Read The Mindful Carnivore Online
Authors: Tovar Cerulli
I could tell Mark admired these two deer, yet I didn’t think he was exactly “proud” of them. I knew he didn’t hunt for trophies. When I first expressed interest in hunting, he told me that he had learned long ago not to rate deer by their weight or antlers. As far as he was concerned, every whitetail he took—big buck or small doe or anything in between—was a gift. If he didn’t appreciate it, then he didn’t deserve it.
When I asked, Mark told me that both of these bucks had simply come his way. He had killed the eight pointer many years ago, there on the Cape. The buck had come within a few yards of where Mark waited with his longbow. The larger nine pointer had been taken just five or six years ago, during a trip he and Jay made to New Hampshire. Mark had killed the animal with a single-shot black-powder pistol at close to forty yards. At the check-in station, people congratulated him again and again, oohing and ahhing over the deer. Mark was mortified: “They treated me like I’d sired the animal.”
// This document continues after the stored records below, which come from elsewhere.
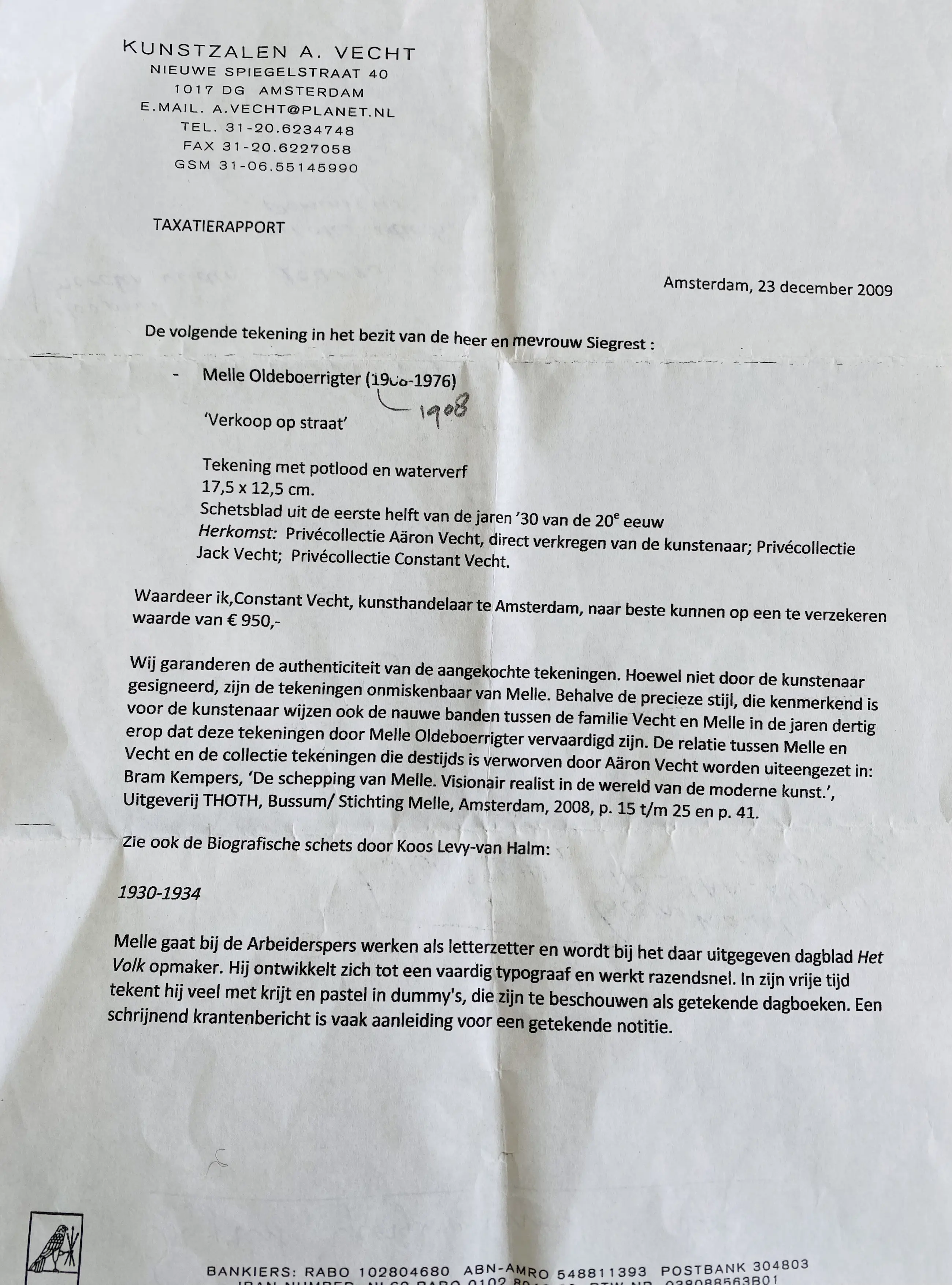 In 2009 heeft Constant Vecht het werk een verzekeringswaarde meegegeven van € 950,-, zie bijgaande foto van het waarderingsdocument.
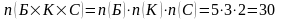 1. Если на первом месте стоит любая цифра из множества , кроме 0, то имеем три декартовых произведения вида:
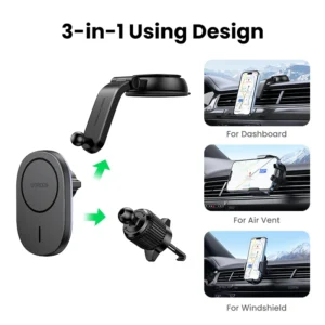 حامل هاتف سيارة مغناطيسي UGREEN مع شاحن لاسلكي 7.5 وات لهواتف iPhone 12/13/14/15/16 Pro Max، تثبيت آمن، شحن سريع، وتصميم عصري للاستخدام داخل السيارة.
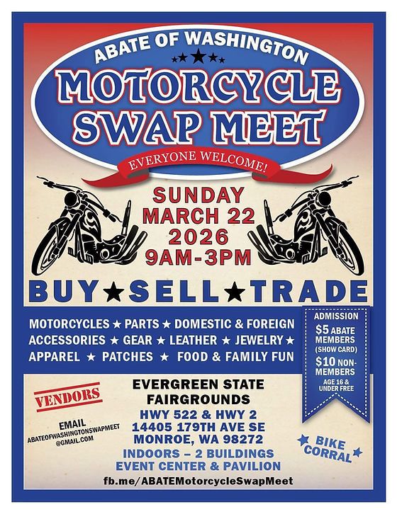 I would like to take a moment to sincerely thank everyone who has stepped up over the past several months. Your dedication, time, and willingness to serve have not gone unnoticed. It is because of members like you that ABATE of Washington continues to move forward with strength and purpose. As we look ahead, my goals remain focused on transparency, open communication, and togetherness. We are working hard to build a culture where information is shared clearly, members feel heard, and we stand united in our mission to protect and promote motorcyclists’
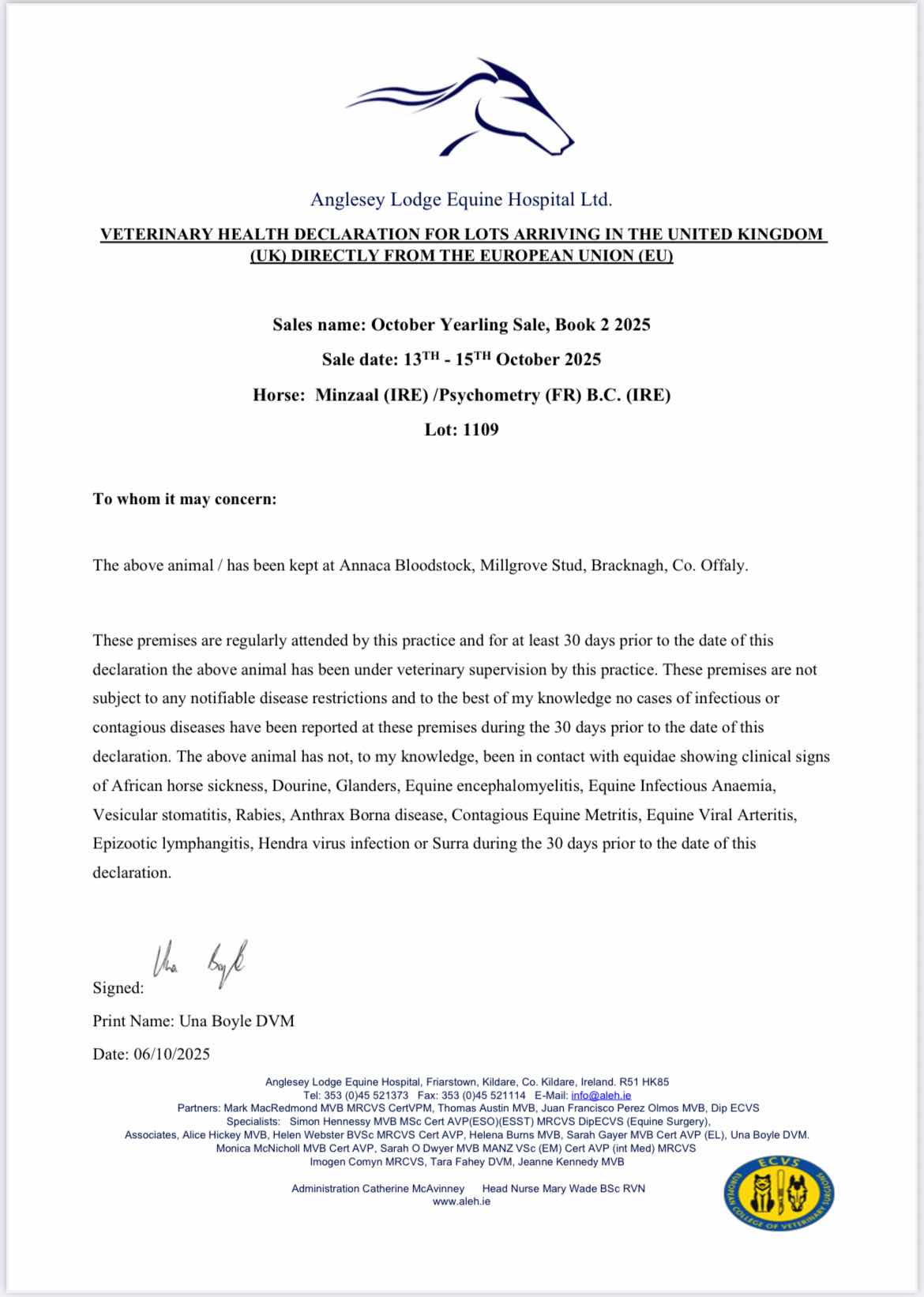 Consignor: Skara Stud, Ireland

Mark valued the buck mounts, I thought, not as proof of his hunting prowess, but as reminders of particular hunts and as symbols of the relationships he cherished—with deer in general, with the specific animals whose paths crossed his, with the land they shared. He must value them aesthetically, too. I wasn’t sure I would ever hang a deer mount in my own house—I thought of a line penned by hunter and author C. L. Rawlins, “those ranks of trophy heads on walls stare down at me like the jury in a capital case”—but I had to admit: Mark’s deer were beautiful.
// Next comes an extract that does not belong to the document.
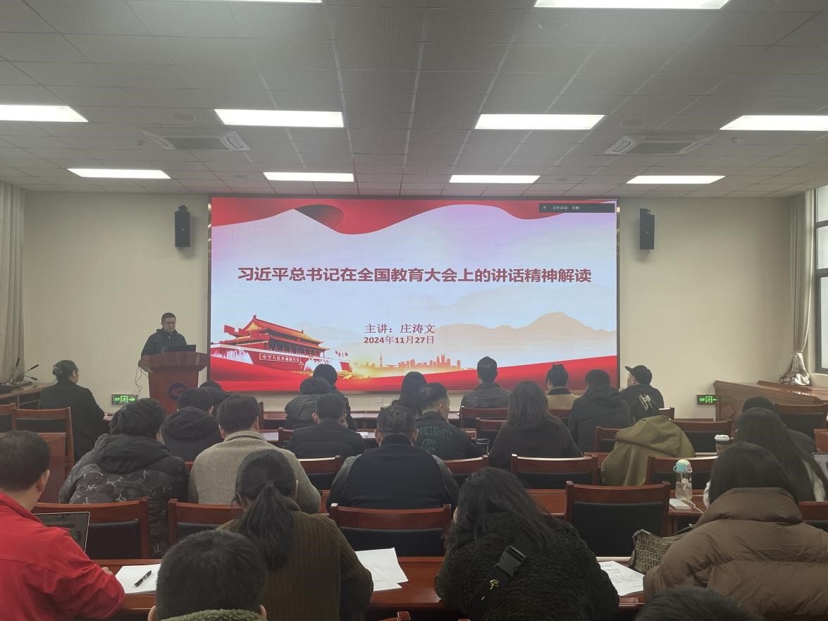 本网讯(文/图 数字艺术学院吴政宏)11月27日,数字艺术学院党总支在第四会议室开展专题党课,学院全体教职工党员积极参与,共同学习党的先进理论与方针政策。本次党课由学院院长、党总支副书记庄涛文主讲,以习近平总书记在全国教育大会上的讲话精神为核心,为全院教职工党员带来了一场思想深刻、内容丰富的教育盛宴。
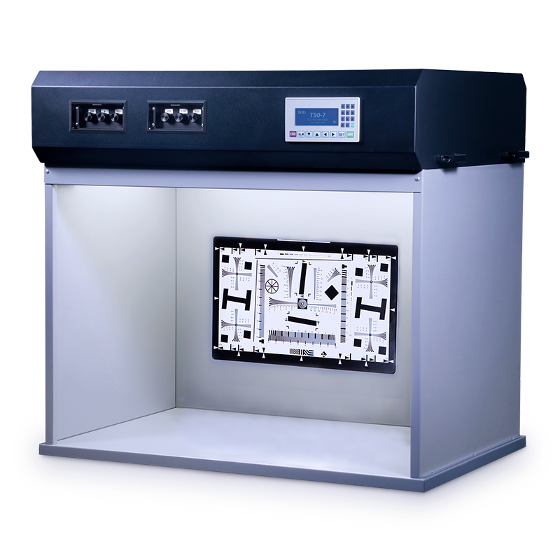 摄像头测试标准光源箱T90-7主要由:观察箱、光源箱、控制面板、把手等几部分组成,为摄像头测试提供标准光源环境。

All these things—the deer, the striped-bass mailbox, the photos and carvings of wildlife, the sculptures and paintings of fish—struck me as altarpieces. Mark had grown up Catholic, but rarely spoke of religion. To the degree that he followed one, I thought it must be rooted in a pantheon of wild creatures and wild places, symbolized by these objects: things he had found, things he had crafted by hand. Perhaps his path was akin to totemism, which French sociologist Émile Durkheim contended was religion’s most elemental form. What creatures might watch over Mark, I couldn’t be sure. But I would willingly hazard guesses at several species of fish, the owls he frequently carved, and the deer he stalked each fall.
When Mark had a loss to grieve, I imagined that he, too, must turn to water and woods. He had understood what a weekend of fishing would do for me, so soon after burying Willie.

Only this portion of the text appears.